Problem to solve
Using the listing below, give again exactly the lines from the line with "個性的なチェーンに愛らしいハ" to the line with "science will drive", inclusive, without the pictures.

Task data
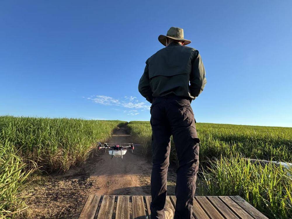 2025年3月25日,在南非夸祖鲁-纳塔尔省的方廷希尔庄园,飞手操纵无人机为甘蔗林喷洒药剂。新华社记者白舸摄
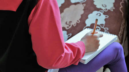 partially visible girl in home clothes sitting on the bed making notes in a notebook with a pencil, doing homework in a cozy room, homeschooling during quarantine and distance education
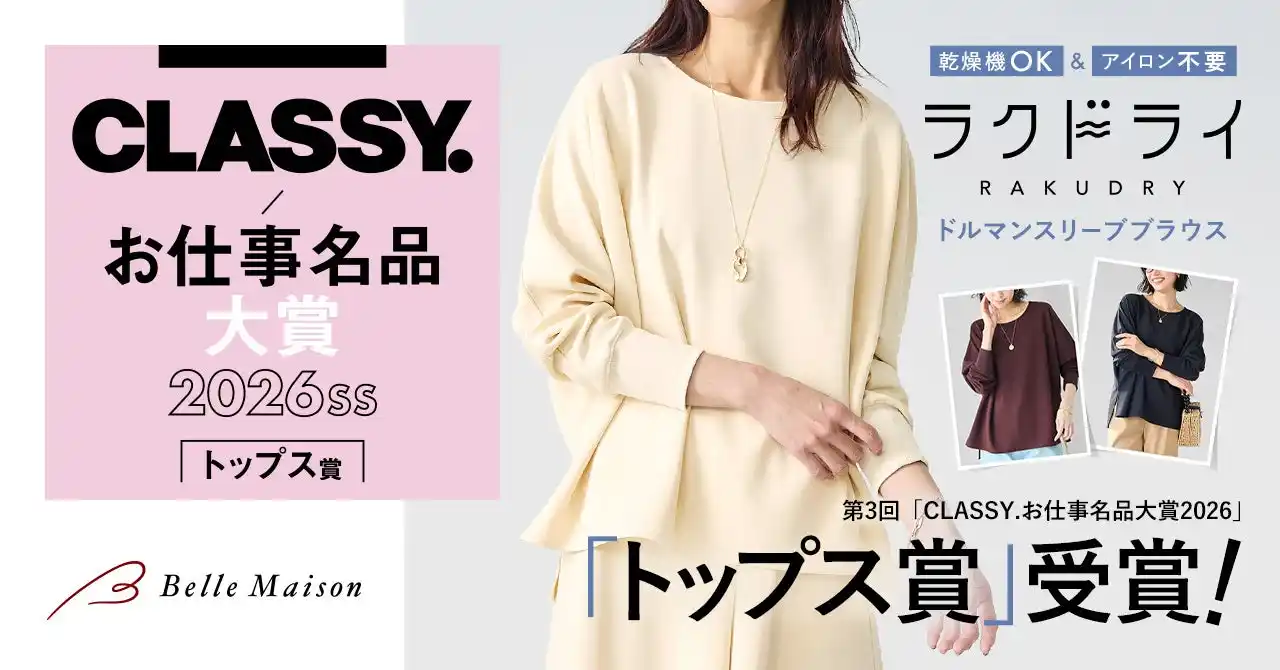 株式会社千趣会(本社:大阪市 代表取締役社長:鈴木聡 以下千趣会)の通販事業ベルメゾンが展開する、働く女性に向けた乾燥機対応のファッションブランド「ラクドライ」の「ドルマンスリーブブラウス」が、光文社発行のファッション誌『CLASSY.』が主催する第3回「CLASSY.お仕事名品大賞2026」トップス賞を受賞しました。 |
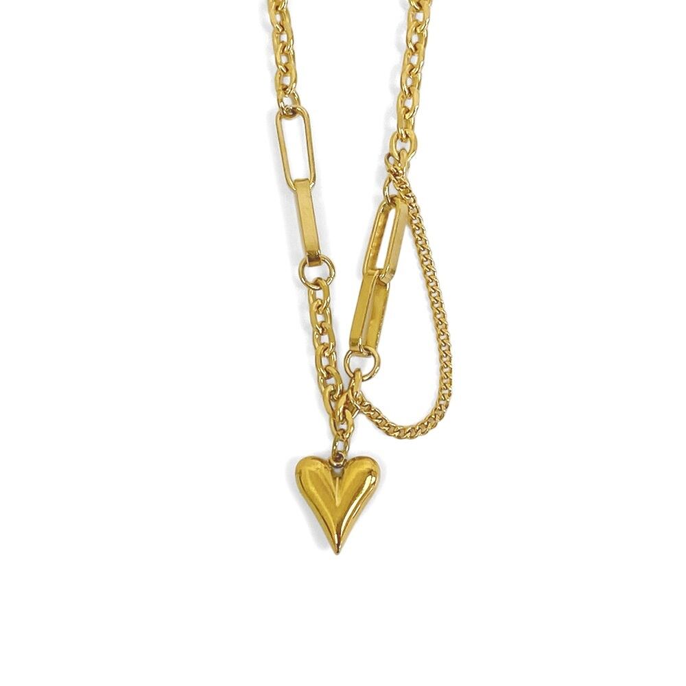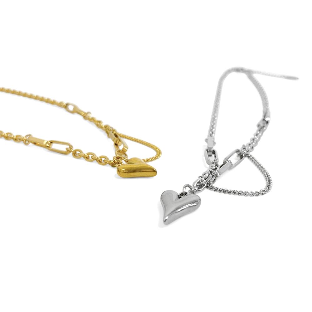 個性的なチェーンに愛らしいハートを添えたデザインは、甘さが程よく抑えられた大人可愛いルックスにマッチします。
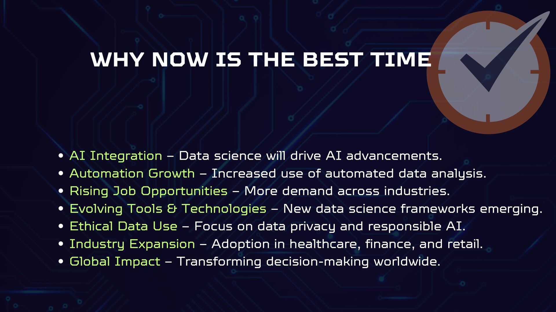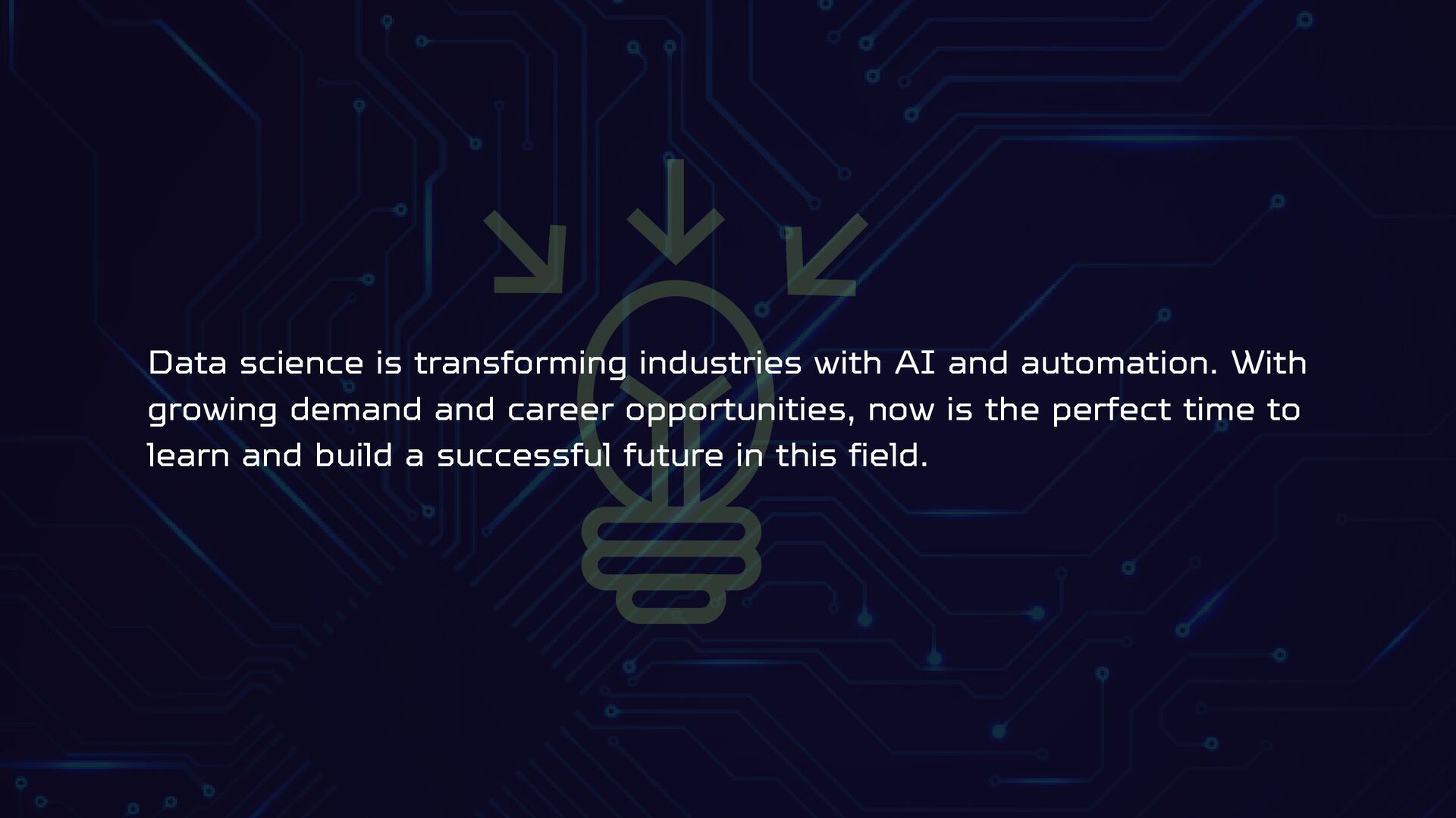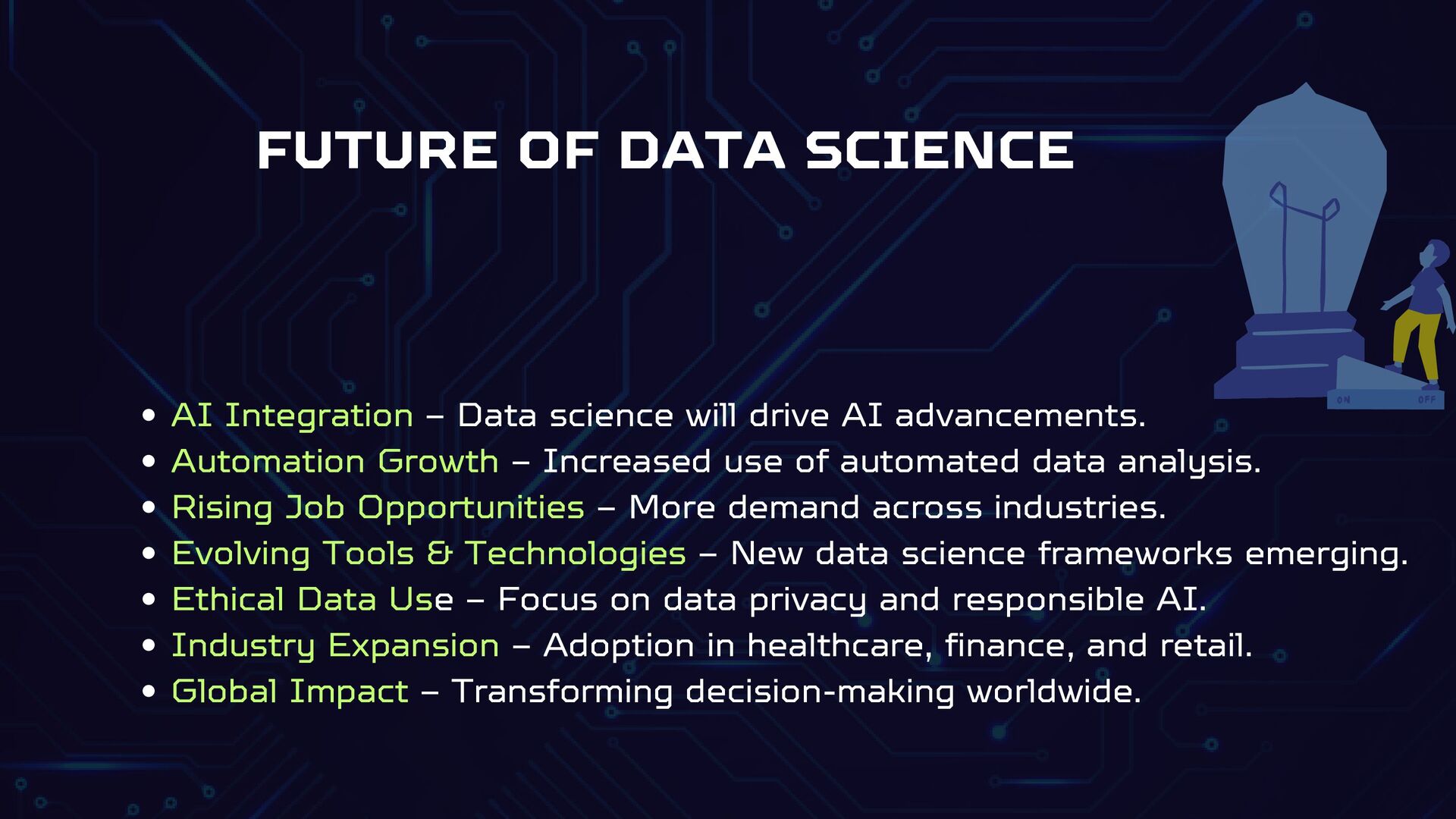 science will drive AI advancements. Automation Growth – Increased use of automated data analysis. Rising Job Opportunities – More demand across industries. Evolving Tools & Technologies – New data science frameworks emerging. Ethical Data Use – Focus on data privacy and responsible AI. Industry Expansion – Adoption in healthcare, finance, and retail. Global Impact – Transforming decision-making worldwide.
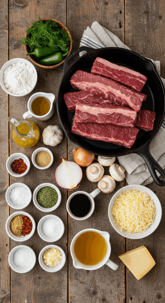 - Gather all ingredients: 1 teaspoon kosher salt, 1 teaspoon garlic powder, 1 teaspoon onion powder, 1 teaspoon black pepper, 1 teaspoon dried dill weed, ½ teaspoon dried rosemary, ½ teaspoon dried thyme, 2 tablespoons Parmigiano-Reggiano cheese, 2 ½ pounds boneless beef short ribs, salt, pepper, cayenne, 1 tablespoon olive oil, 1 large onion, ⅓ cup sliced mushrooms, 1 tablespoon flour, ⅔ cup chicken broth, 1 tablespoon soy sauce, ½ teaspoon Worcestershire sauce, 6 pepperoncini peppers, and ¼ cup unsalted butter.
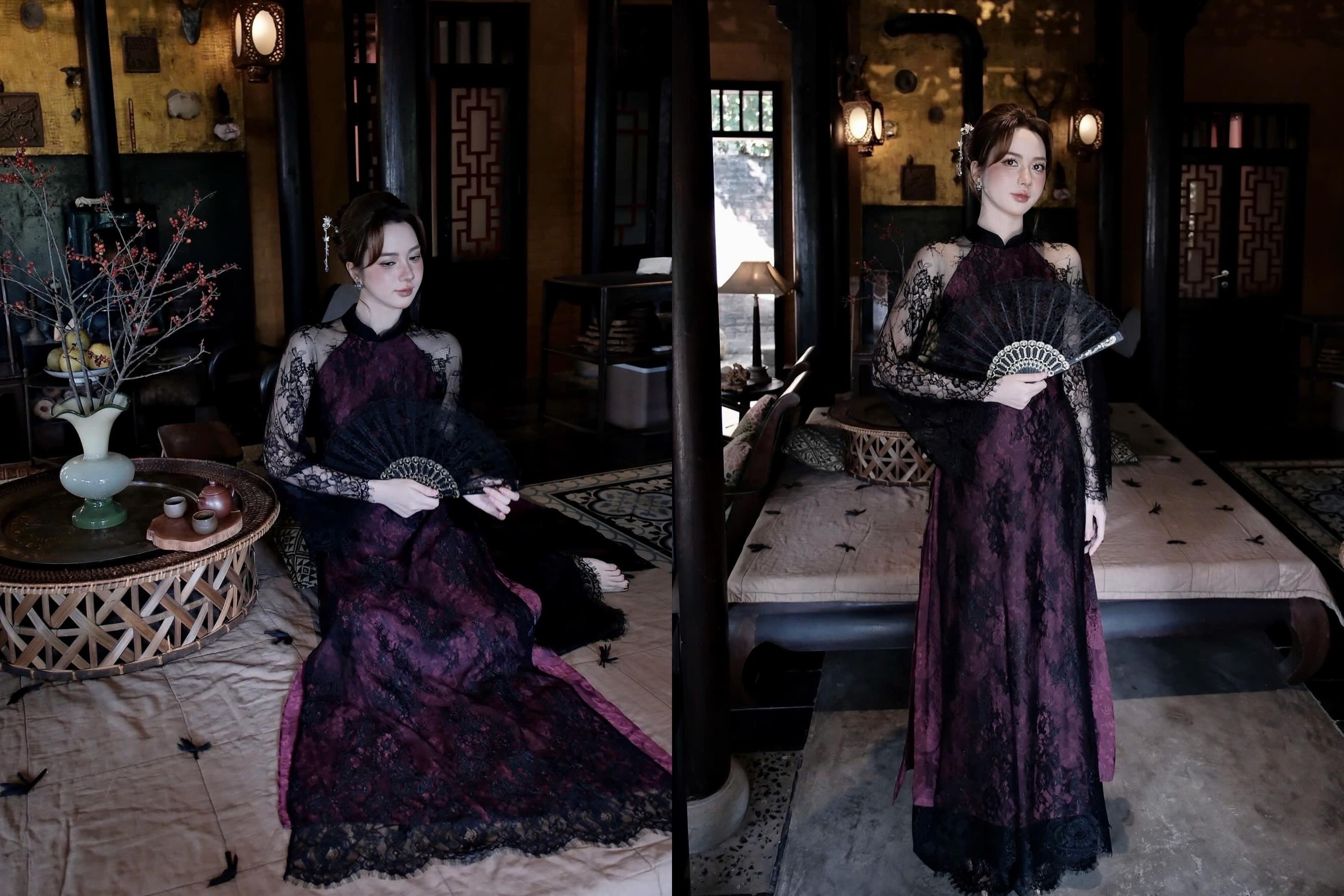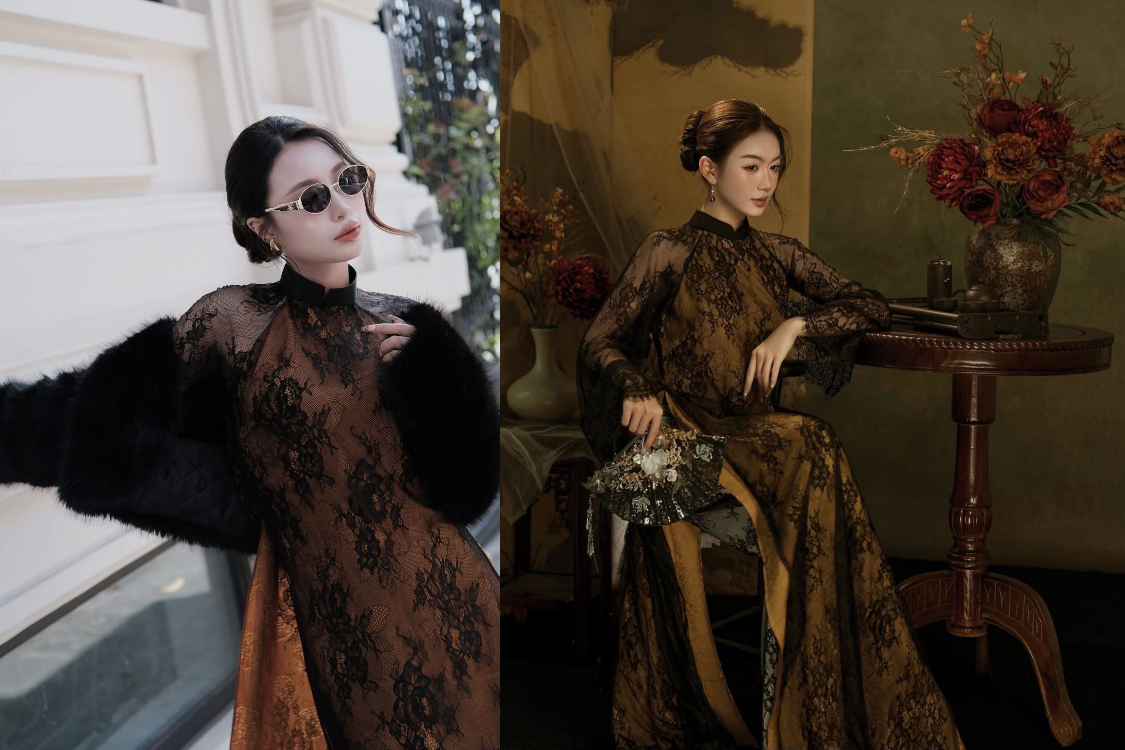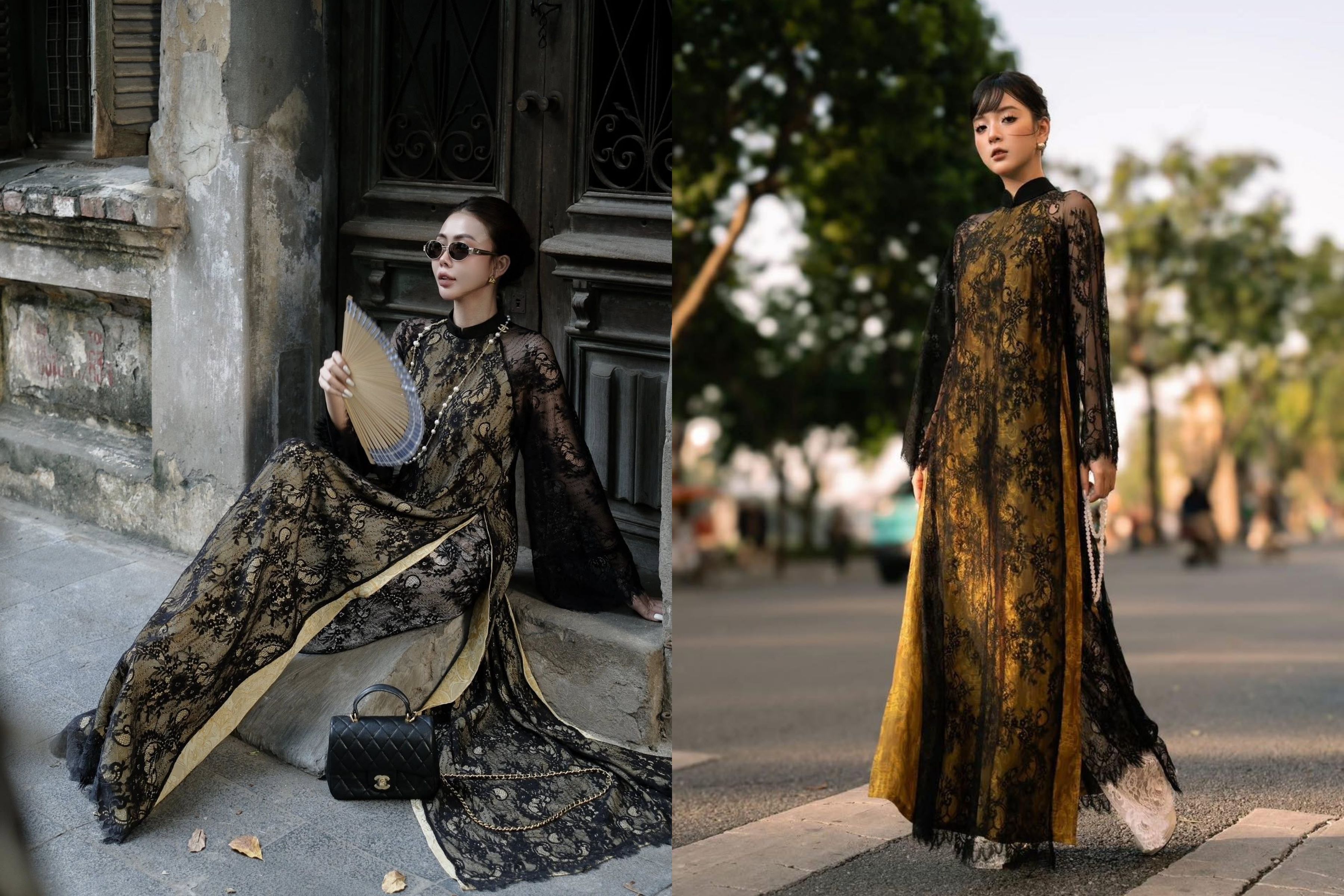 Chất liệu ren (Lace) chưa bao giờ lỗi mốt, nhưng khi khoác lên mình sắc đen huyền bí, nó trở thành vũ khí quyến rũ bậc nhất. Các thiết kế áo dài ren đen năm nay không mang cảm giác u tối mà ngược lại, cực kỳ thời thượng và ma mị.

Reply
 個性的なチェーンに愛らしいハートを添えたデザインは、甘さが程よく抑えられた大人可愛いルックスにマッチします。
 science will drive AI advancements. Automation Growth – Increased use of automated data analysis. Rising Job Opportunities – More demand across industries. Evolving Tools & Technologies – New data science frameworks emerging. Ethical Data Use – Focus on data privacy and responsible AI. Industry Expansion – Adoption in healthcare, finance, and retail. Global Impact – Transforming decision-making worldwide.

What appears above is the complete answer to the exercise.